If not protected, high-rate water injection will induce significant mechanical and flow-induced vibration on control lines and connections. The placement of fittings, bare control lines, and flatpack across the completion is critical to the success or failure of the downhole equipment. For example, ICV deflectors, installed to protect for casing blast erosion, point the flow downward at a 90° change in direction toward the perforations. Placing bare control lines, or fittings, near this high-energy area is a recipe for failure. Thus, the MZWI DHFC completion design was reconfigured in such a way that only intact flatpack is now exposed to flow, and bare control lines close to the ICV exit are removed from the flow path and packed with Teflon.

Survivability of the completion string was determined, analyzing each component at the weakest wall section and performing proprietary erosional limits method calculations. This modeling, that considers both sand concentration and complex geometries, confirmed all components capable of handling produced water reinjection with a sand content of 3.5 lb/1,000 bbl for a minimum of 15 years injection at 35,000 BWPD.
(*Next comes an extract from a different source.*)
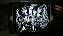 Alto, de suma importancia, total ya que como dibujantes usamos el ritmo y el tiempo de la pieza musical para interferirlo y crear algo totalmente en vivo realizando un proceso de sincronización entre director, pianistas, dibujantes. El dibujo y los colores fueron improvisados, al momento, siguiendo el ritmo de la música. Yo aunque tenía bocetos, no tenía muy en claro como plasmar la música.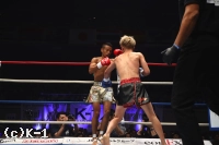「1回戦でバッティングをよくもらってしまって、ダメージがけっこうあって左目も半分見えない状態だったんですけど、その状態で集中力も切れてた状態で彼のパンチは魔裟斗さんも言うように鉄球みたいな感じで一発もらって意識が飛んじゃったんで、それ以外は覚えてないんですけど。やっぱり最強の男は強かったですね。実際に対峙してみて、そう感じました。

Thereafter, a well-performance study was undertaken to identify the required controlled-rate range of the ICV choke trim that would effectively balance injection between several reservoir layers. Multiple P10-P50-P90 injectivity scenarios were used to test the ability of various discrete choke trims to manage injection uncertainties and offered good choke resolution across the entire ACG field. Once the ICV choke design was selected, an additional study was conducted to determine overall ICV system performance adjustment due to choke and flow-deflector frictions, enhancing zonal flow-allocation calculations with a less than 15% error vs. surface flow metering.
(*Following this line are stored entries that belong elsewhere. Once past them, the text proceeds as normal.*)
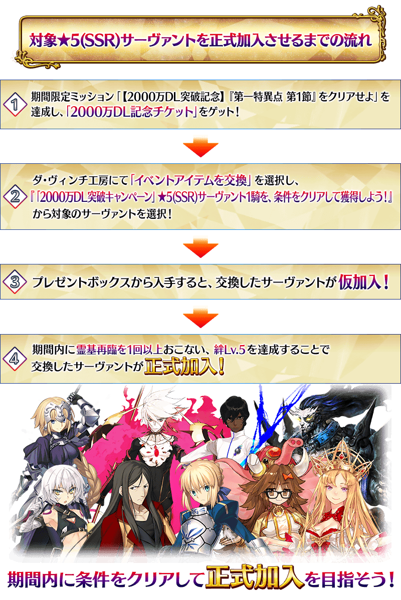 ※「2000万DL記念チケット」で仮加入した★5(SSR)サーヴァントは、6月30日(火) 23:59までに正式加入できなかった場合、離脱してしまいますのであらかじめご注意ください。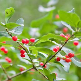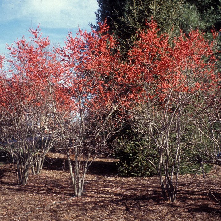 Native shrub; deciduous holly 6–10 ft. small green leaves; bright red berries (needs male pollinator). Blooms June (berries show fall–winter). Prefers full sun and moist to wet, acidic soil. Berries are eagerly consumed by robins and cat birds.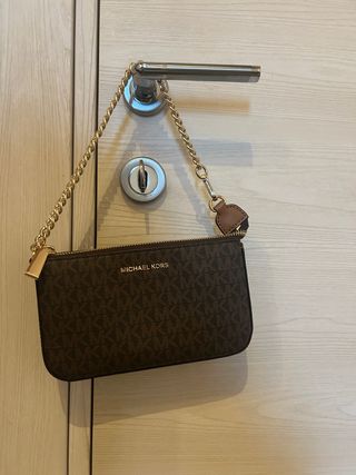 Elegante pochette Michael Kors con il classico monogramma. - Tracolla a catena dorata. - Dettagli in pelle marrone. - Logo Michael Kors in rilievo.

DHFC installation started in 2016, planned as a four-well trial targeting only two zones. On the first two wells, a lower packer and intermediate completion was installed to mitigate ­anticipated brine losses, and the stacked DHFC upper completion was installed without DTS facility. With post-perforation brine losses deemed manageable, and large-bore drilling de-risked, a third well was drilled with 9⅝-in. casing installed across the reservoir. This enabled the inline-type DHFC completion with DTS to be installed without lower/intermediate completion runs. Successfully installed with precise fluid-loss monitoring, all subsequent completion installations are run as inline and increased in functionality to four-zone access in 2019; as of June 2020, two 4-zone DHFC completions have been installed successfully in ACG.

The next phase of the MZWI project will be tailored for slot recovery and sidetrack workovers. To meet the needs of slot-constrained platforms, a slimhole inline 10,000-psi DHFC design is required in a 7⅝-in. liner size and will require a new, qualified multi-feedthrough packer and a slimhole ICV design for up to four zones with DTS.

References

SPE 196231. Application of Multizone Water Injection Downhole Flow Control Completions with Fibre-Optic Surveillance in Soft Sand Reservoirs by D. Nguyen, I. Macleod, and D. Taylor, et al., BP; and D. Booth, Fircroft Consultant, et al.
SPE 98146. A Critical Review of Chirag Field Completions Performance–Offshore Azerbaijan by B.S. Powers, BP plc, B.M. Edment, Schlumberger, and F.J. Elliott, BP plc, et al.